Decanting is Not Just for Wine: “Revoking” an Irrevocable Trust

My how things have changed, or at least, how my understanding of things have changed. I graduated from law school in 1980 thinking that irrevocable meant just that. Once a trust became irrevocable–generally upon the death of the settlor–its terms turned to stone, fixed and barely movable. The only way to turn that stone back into something more malleable was a cumbersome process in which the trustee needed to secure the agreement of all the beneficiaries and then the court, before implementing any change to the trust. Again, that was my understanding at the time. I’m guessing it might be yours as well.

If trust law was ever that way in the past, it is certainly not that way today. The Uniform Trust Code (UTC) and various state “decanting” statutes have insured that. The UTC, implemented by a number of states, including both Wyoming and Utah, allows for judicial modification of trusts in a variety of circumstances, including “modification to achieve settlor’s tax objectives” and “modification or termination because of unanticipated circumstances.” But for our purposes here, I’m more interested in decanting, a process for modifying a trust somewhat analogous to decanting wine.


With wine, decanting involves pouring wine from one container to another in order to separate the wine from any sediment in the bottle, sediment that can ruin the taste. The process also infuses the wine with oxygen as the liquid passes from one container to another. Apparently–I don’t drink–pouring old wine into new bottles can improve the drinking experience.

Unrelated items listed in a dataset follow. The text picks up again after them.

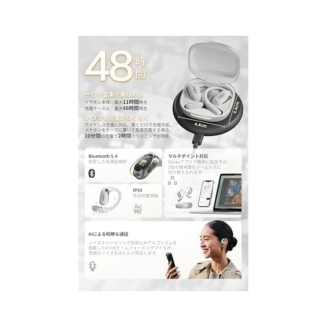 AIノイキャン通話・音漏れ防止機能:高度なノイズキャンセリング技術とAIアルゴリズムを搭載した4つのビームフォーミングマイクを揃えています。Shokz独自の「DirectPitch 2.0」技術という指向性技術は音漏れを防ぎながら耳への大音量をし、通話中もプライバシーを守り周囲への迷惑を軽減します。専用アプリのプライベートモードと併用すれば、音漏れ防止の効果がさらに高まり、日々の生活にも安心してご利用いただけます。
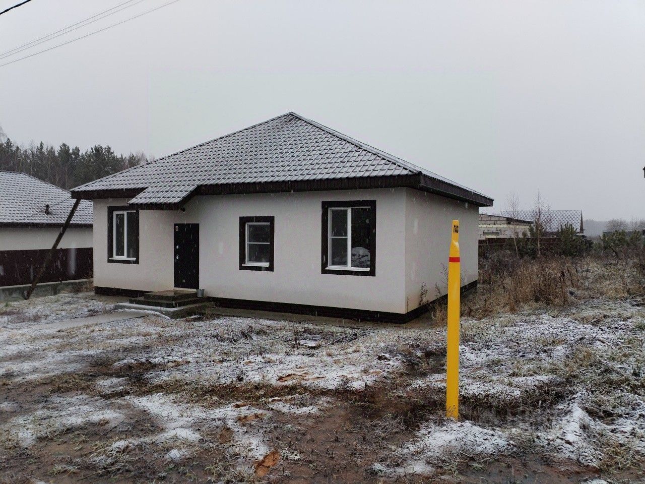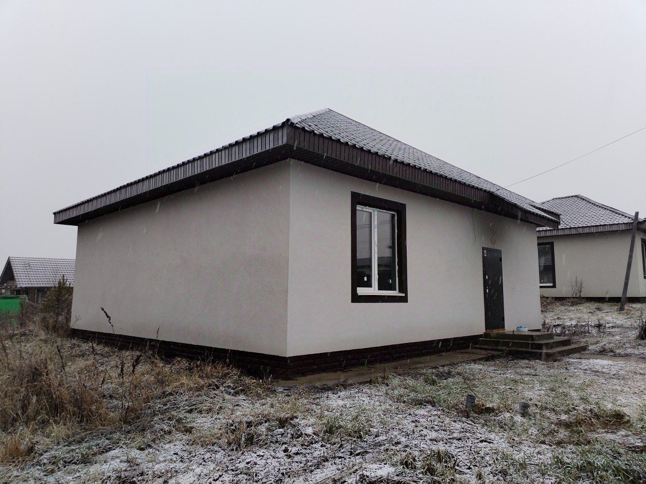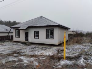 Дом из качественного цементно-песчаного блока + утепленный фасад базальтовой ватой на 100 мм + камешковая штукатурка. В доме большая кухня-гостиная 35 кв.м, две отдельные комнаты по 14 метров, прихожая, котельная и санузел. Высота потолков 3 метра. Отопление в доме от теплых полов, с разбивкой по контурам. Крыша из ондулина , хорошие 5 камерные пластиковые окна 70 мм 3 стекла. Сейф дверь. По дому сделана электроразводка, щиток, розетки и выводы под светильники. Вода от скважины 55 метров, канализация - автономный септик СК Урал.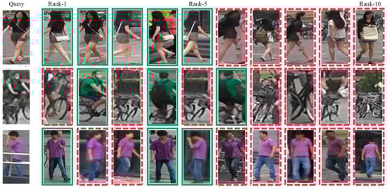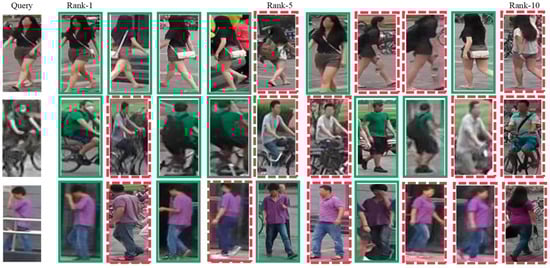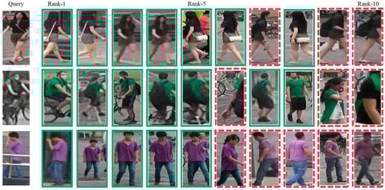 In order to compare the performance of the model more intuitively, we visualize the recognition results on the Market-1501 dataset and compare them with the results from other methods. These visualizations are presented in Figure 6, Figure 7 and Figure 8. Notably, MFFNet demonstrates excellent recognition efficacy and robustness, particularly under illumination differences, scale changes, and occlusion scenes. In each row, the first column of images represents the target pedestrian for the query, while the subsequent ten columns depict the recognition outcomes sorted based on similarity. The green solid line indicates that the pedestrian in the image corresponds to the queried pedestrian ID, whereas the red dashed line indicates a different pedestrian ID from that of the query.

With trusts, decanting involves “pouring” the old, irrevocable trust into a newer, more flexible trust, a trust better fitted to the needs of the parties to the trust at the time of the decanting. Maybe the decanting will result in the trustee having more flexible powers to better administer the trust. Maybe it will lead to better state and federal tax benefits. Maybe asset protection is the goal. For these reasons and more, trustees (often encouraged by beneficiaries) are looking to decanting as a way to deal with circumstances and issues unforeseen by the settlor of the original trust.

Decanting is not a new idea. Some argue that it has been allowed under the common law for a long time–at least since 1940–on the theory that if a trustee has discretionary authority to make distributions to a beneficiary from a trust, that trustee also has authority to make distributions in “further trust,” that is, into a new trust. But common law can be finicky and is subject to the whims of the local judiciary, so it’s with some relief that at least 22 states have enacted decanting statutes, codifying what was once only in the casebooks.

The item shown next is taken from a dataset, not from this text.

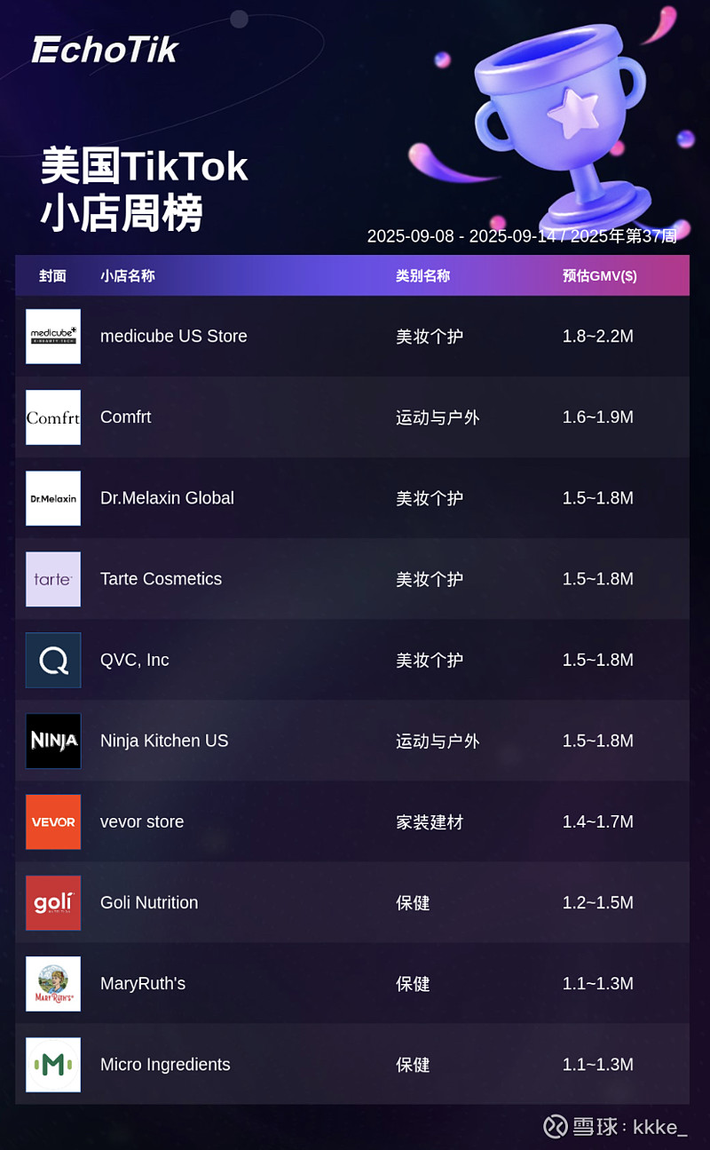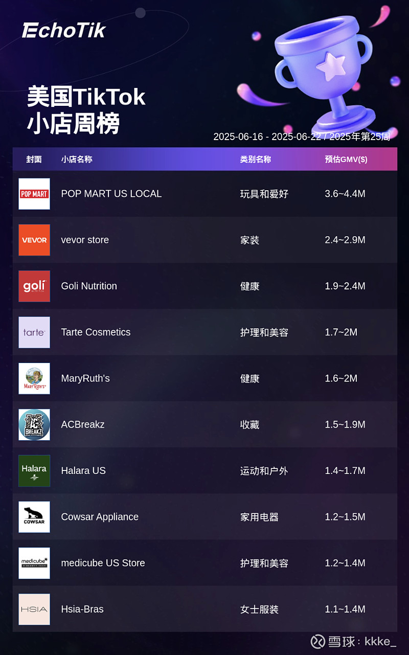 $泡泡玛特(09992)$ 怀疑这才是摩根大通看低泡泡玛特的原因,泡泡玛特美国区的 tiktok 业务已经低迷一段时间,最新的统计已跌出tiktok店铺周前10名,而在 7月前泡泡玛特几乎长期霸榜第一名,到 7 月中的时候还能维持一段时间在前3名,8月中旬以后开始走下坡,9月开始泡泡玛特掉出前10。

Wyoming’s decanting statute (Utah doesn’t have one), enacted in 2013, is short but illustrative:

§ 4-10-816. Specific powers of trustee 

(a) Without limiting the authority conferred by W.S. 4-10-815, [a statute that essentially frees the trustee from court supervision] a trustee may:

. . .

(xxviii) On distribution of trust income or principal pursuant to authority in the trust instrument to make discretionary distributions to a trust beneficiary, whether or not the discretionary distributions are pursuant to an ascertainable standard, make distributions of all or any portion of trust income or principal in further trust. (emphasis supplied)

Notice that there’s no mention of court supervision. No, this is a specific power granted trustees by statute, so the trustee can act on his or her own. That’s not to say that the court should never be involved. In fact, if the new trust contains provisions that might raise the hackles of one or more beneficiaries, the trustee would be wise to seek the court’s  blessing.

Now there are limitations to decanting, and it’s not something to do willy nilly. That said, if you’re a trustee or beneficiary of an irrevocable trust and if the old trust creaks and sways under the weight of today’s needs and demands, maybe it’s worth looking at decanting as a way to resolve those issues.


  1. I’m trying to determine if a Utah irrevocable trust my mother and stepfather have allows capital gains tax, a step-up in basis or the $250,000 personal residence exemption (we have not been able to find any such wording in the trust). If not, I’m wondering if we can just do an Instrument of Decanting, without having to go to court, or get the trustee and beneficiaries to agree, or having to do another trust? Or if the trustee can sell the house back to the owner for less than fair market value? Otherwise, it seems like the tax will be 40% and will far outweigh the reason for setting up the trust in the first place.

  2. Can a beneficiary decant a trust when the trustee is not cooperative? I have been struggling for 4 years with my father’s siblings. They don’t want to give me a thing.